Exercise prompt
Nothing but the lines from the one holding "进入室内的 入户玄关 收纳空间, 地面采用静雅棕、宝格丽兰石材拼花" to the final line of the listing below, both included, should be repeated, and each must match exactly. Omit pictures.

Given records
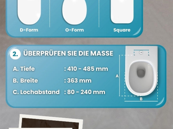 Der Sitz ist passend für alle gängigen Standard-Toiletten – wähle einfach die richtige Form und er sitzt perfekt.
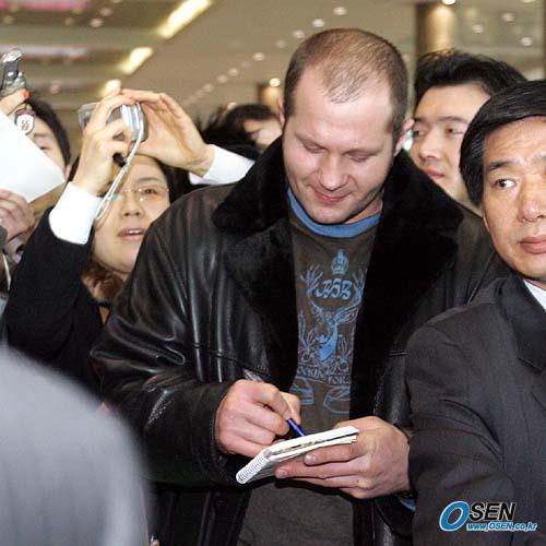 세계 종합격투기의 황제인 '얼음 주먹' 표도르 에밀리아넨코가 18일 오전 러시아 고유 호신술인 삼보 홍보를 위해 인천공항을 통해 입국했다. 표도르가 팬들에게 친절하게 사인해 주고 있다./인천공항=손용호 기자 spjj@osen.co.kr [Copyright ⓒ 한국 최고의 스포츠 전문 미디어 OSEN(www.osen.co.kr) 무단전재 및 재배포 금지]
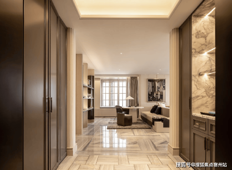 进入室内的 入户玄关 收纳空间, 地面采用静雅棕、宝格丽兰石材拼花 设计 , 古典回形波打+实心铜条 的搭配增强入户尊贵感。右侧是 山水白奢石的开放格 ,左侧是行李间,通过暗门的做法,将功能结合进去,强化了归家的仪式感。
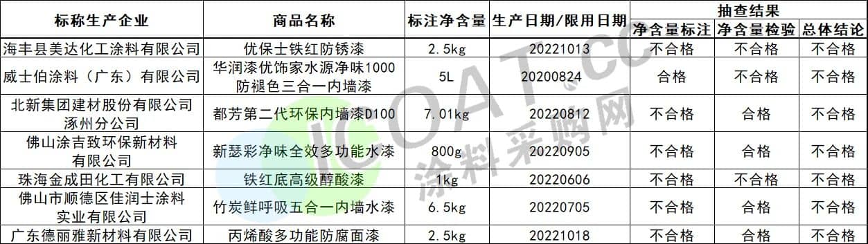 除此之外,知名涂料企業威士伯涂料、北新建材等因凈含量標注或凈含量檢驗不合格,最終被標記為“不合格”。
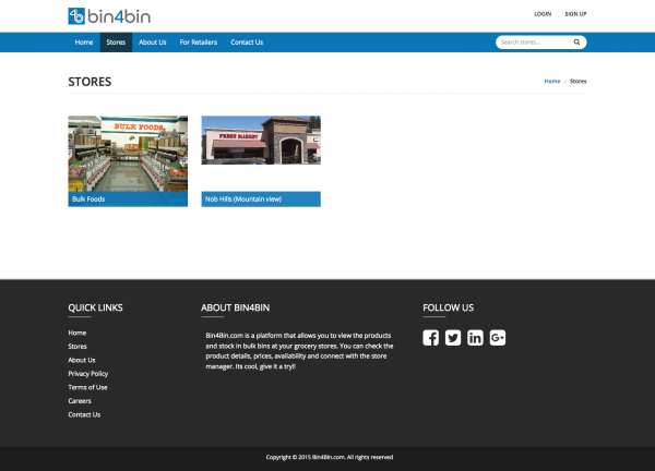 Bin4Bin.com is a platform that allows you to view the products and stock in bulk bins at your grocery stores. You can check the product details, prices, availability and connect with the store manager. Its cool, give it a try!!

Exercise answer
 进入室内的 入户玄关 收纳空间, 地面采用静雅棕、宝格丽兰石材拼花 设计 , 古典回形波打+实心铜条 的搭配增强入户尊贵感。右侧是 山水白奢石的开放格 ,左侧是行李间,通过暗门的做法,将功能结合进去,强化了归家的仪式感。
 除此之外,知名涂料企業威士伯涂料、北新建材等因凈含量標注或凈含量檢驗不合格,最終被標記為“不合格”。
 Bin4Bin.com is a platform that allows you to view the products and stock in bulk bins at your grocery stores. You can check the product details, prices, availability and connect with the store manager. Its cool, give it a try!!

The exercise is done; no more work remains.